Doing the same with plants -- removing their ability to reproduce naturally just so that farmers are dependent on buying your seeds, so that you have a viable business model is also morally questionable.
 
 

.....means that without patents Monsanto would go under immediately

I don't find "argument via capitalism" to be valid in the slightest.
The statement "It's ok to do this because otherwise capitalist enterprise would collapse" isn't at all valid. It's an argument against capitalism, not an argument for the moral validity of the activity in question.

Edited by Hodgman, 11 March 2013 - 10:10 PM.


#19 Khaiy   Crossbones+   -  Reputation: 1342

Posted 12 March 2013 - 12:01 AM

I don't find "argument via capitalism" to be valid in the slightest.
The statement "It's ok to do this because otherwise capitalist enterprise would collapse" isn't at all valid. It's an argument against capitalism, not an argument for the moral validity of the activity in question.

 

*shrug*

 

It's certainly an area that's ripe for serious philosophical debate. However, if the capitalist end weren't there, the products wouldn't exist. Farmers are never required to use a single Monsanto seed, ever. It's not like the world food supply would collapse without them, though there would be somewhat less food and it would therefore be more expensive. If you want a world with no Monsanto-style agricultural results, that's a totally defensible position. I personally don't mind living in a world with Monsanto in the market, particularly because they don't have any sort of a monopoly or oligopoly on seed, just their special deluxe seeds.

 

There are some more extractive elements to Monsanto's business, specifically their pesticide/herbicide and pesticide/herbicide resistance lines of products. Farmers aren't required to buy those either, and Monsanto may be riding a short wave with them anyways.
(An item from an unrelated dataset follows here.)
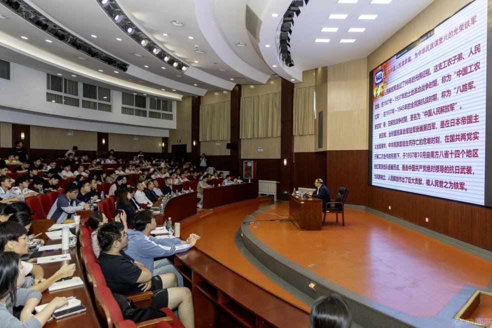 刘华苏少将从《新四军军歌》切入,追溯其历史渊源。从北伐战争中被誉为“铁军”的叶挺独立团,到井冈山会师后的红军第四军,再到南方游击战争中“风雪饥寒、穷山野营”的艰苦坚守,生动展现了新四军“铁心向党、为民报国”的精神基因。讲座通过大量鲜活史料,讲述了新四军将士的英雄群像:13岁参军的“娃娃兵”王桂林与日寇拼刺刀英勇牺牲,烈士施奇凄美而悲壮的爱情故事,泰国侨商子弟陈子谷捐出26万法币遗产支援抗战,日本反战同盟成员松野觉火线喊话牺牲……这些跨越年龄、地域、国籍的英雄故事,让在场师生深刻感受到“人民军队为人民”的初心本色。

What Monsanto has not done, but a lot of people seem to imagine they have, is to corner the market for seeds, make no genetic changes other than to make them non-reproductive, and then make only the modified seeds available in perpetuity to extract massive rents.

 

I personally like publicly funded research for agriculture (in Minnesota, where I live, our state university has been incredibly successful in this field and it has amply paid back the investments). It's not much cheaper, but it's not as rapacious. The Monsanto bargain doesn't seem like a good one to me, and if I owned a farm I doubt I would take it. But for those who would, it doesn't seem fundamentally unreasonable to me that a person can freely choose to engage in a highly restrictive deal to access the fruit of a billion dollars' worth of research. Outside of their designer lines their deals aren't so oppressive, and they aren't the only vendor around.


Edited by Khaiy, 12 March 2013 - 12:03 AM.


#20 samoth   Crossbones+   -  Reputation: 5035

Posted 12 March 2013 - 05:25 AM

I wonder why people seem to object to Coca Cola, but not to Kraft Foods or Altria. In addition to the usual "exploit" crimes, those not only kill a few hundred people in south America, but millions worldwide every year. And, they do it in a systematic and most vicious way.